After a brief discussion, the trial court announced: “I’m going to overrule the objection and ... overrule the motion for mistrial.”

A scholarly and eloquent discussion of the “per diem” or “mathematical formula” technique of arguing damages for pain and suffering appears in Faught v. Washam, 329 S.W.2d 588, 601-04 (Mo.1959). There, the plaintiffs lawyer told the jury:

“In considering what is an adequate sum for this young man, suppose I was to meet one of you ladies on the street and I say to you, T want to offer you a job and I want to tell you a little bit about this job before you say you are going to accept it; one peculiar thing, if you take it you have to keep it for the rest of your life, you work seven days a week, no vacations, work daytime and night. The other thing is, you only get paid $3.00 a day. Here is your job— your job is to suffer Mr. Faught’s disability.’ ”

Id. at 601-02.

The trial court in Faught overruled the defendant’s objection to the argument. Id. at 602. On appeal, the Supreme Court of Missouri held the ruling erroneous and, together with other errors, amounted to cumulative prejudice requiring reversal. Id. at 604[29] and [30].

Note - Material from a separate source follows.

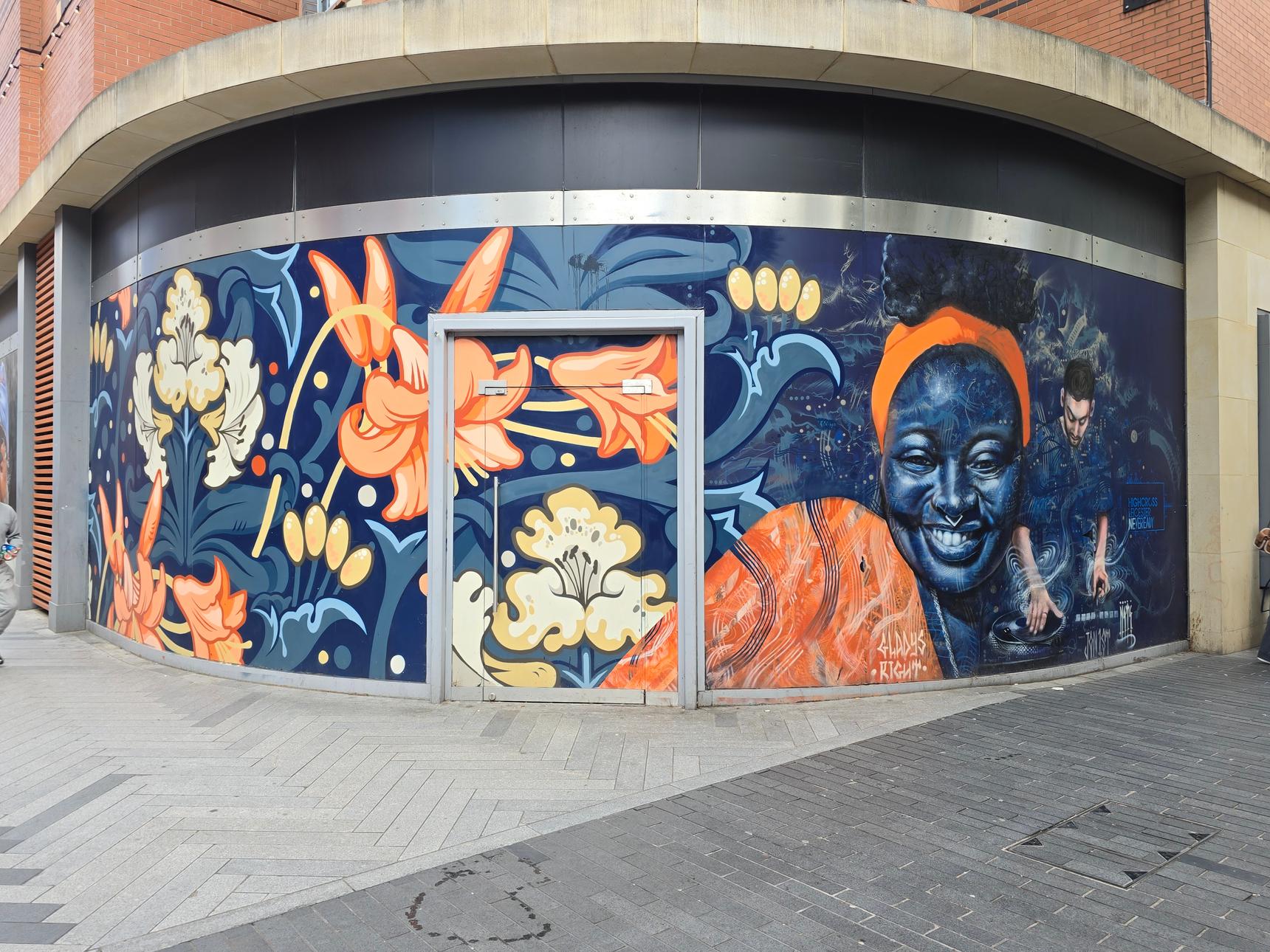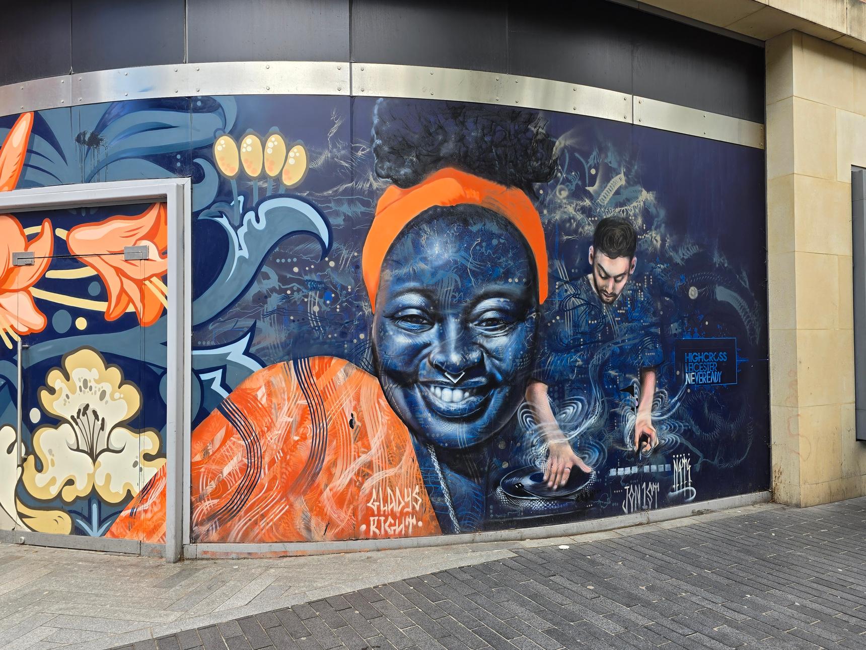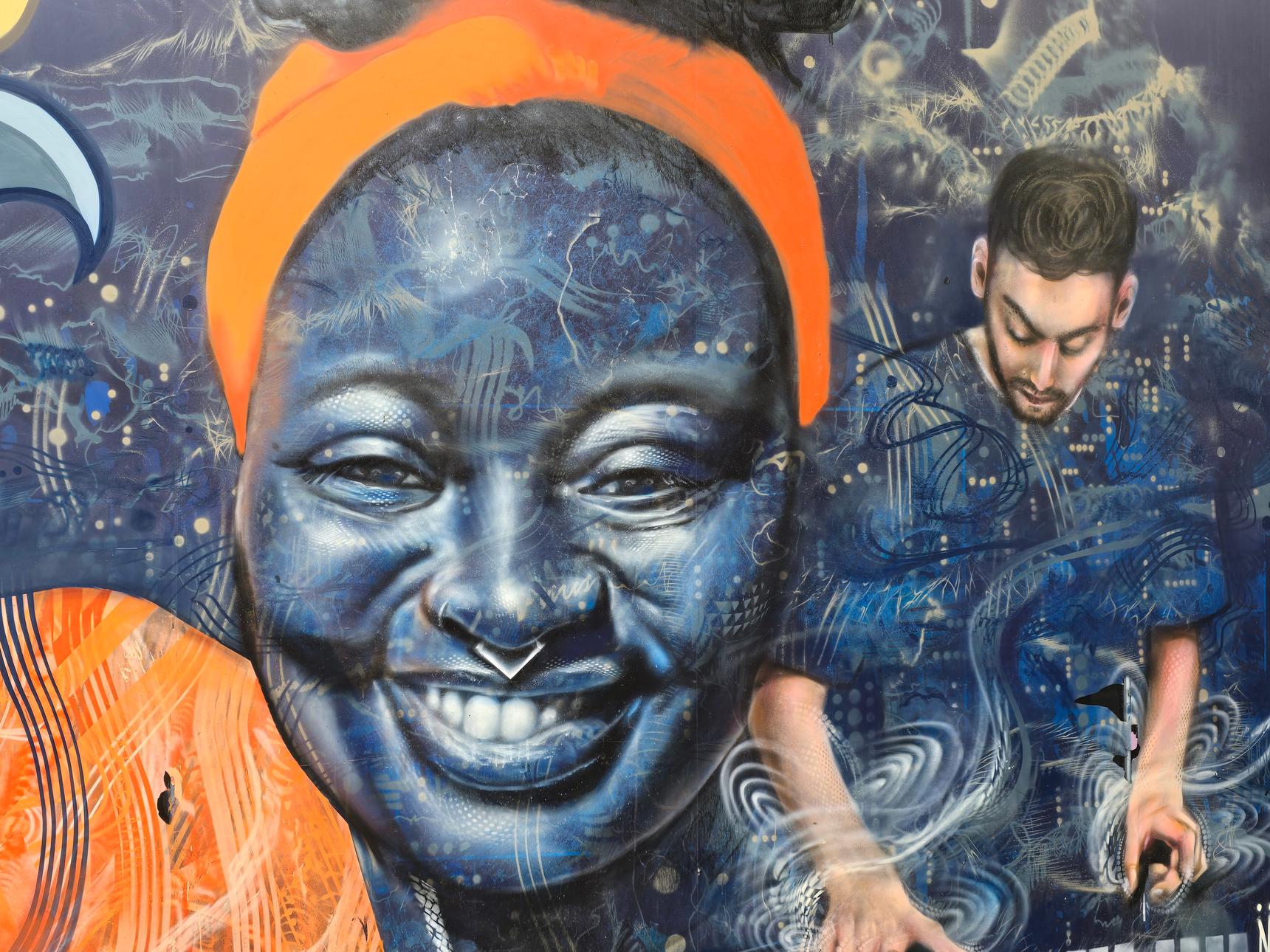 Collaborative work by Philth (left) and N4T4 (right). The people depicted are local musical artists Gladys Right and Jon 1st.

Nineteen years later, the Supreme Court of Missouri decided Graeff v. Baptist Temple of Springfield, 576 S.W.2d 291 (Mo. banc 1978). There, the plaintiffs lawyer argued to the jury:

“ ... This boy was in the hospital for 40 days and we think, and we suggest this, for this 40 days in the hospital, we think $4,000 to $4,500 is a modest sum for the kind of agony Frankie underwent with five operations.... Now, after he came home from the hospital he was in a cast.... And for that period of time, being in that cast for 34 days, we say somewhere in the range of $3,400 to $3,600 is a modest sum.... Then excluding all this up to the present time, 413. days have elapsed, and in that period of time this is the way Frankie’s leg has looked,_ For those to the present time, 413 days, we say eight to nine thousand dollars is a modest sum.
What about the future? ... You can see the way he has to take care of his leg when he has done nothing but sit in the courtroom. Your verdict must be for life and for the future, these 23,701 days [64.89 years] we think a fair amount would be $71,103 to $80,000, and either column you use (writing on large paper before the jury) — it ranges from $86,503 to $97,100, and we say that this is a small amount for a lifetime of injury.”

Id. at 299.

As in Faught, the opinion in Graeff thoroughly discussed case law regarding “per diem” arguments, id. at 301-03, and held the argument was “not within the limitations and objections of Faught.” Graeff, 576 S.W.2d at 303[3]. The opinion explained:

[511]*511“The posture in which the plaintiffs counsel in this case offered the figures is such that he did not refer to any per day or per hour amount but merely suggested a lump sum for the specific periods of hospitalization, the time in the cast, the pain and suffering for the period from injury to trial, and for future life expectancy. The argument was not broken down into minutes, hours or days. There was no ‘job offer’ argument as in Fought.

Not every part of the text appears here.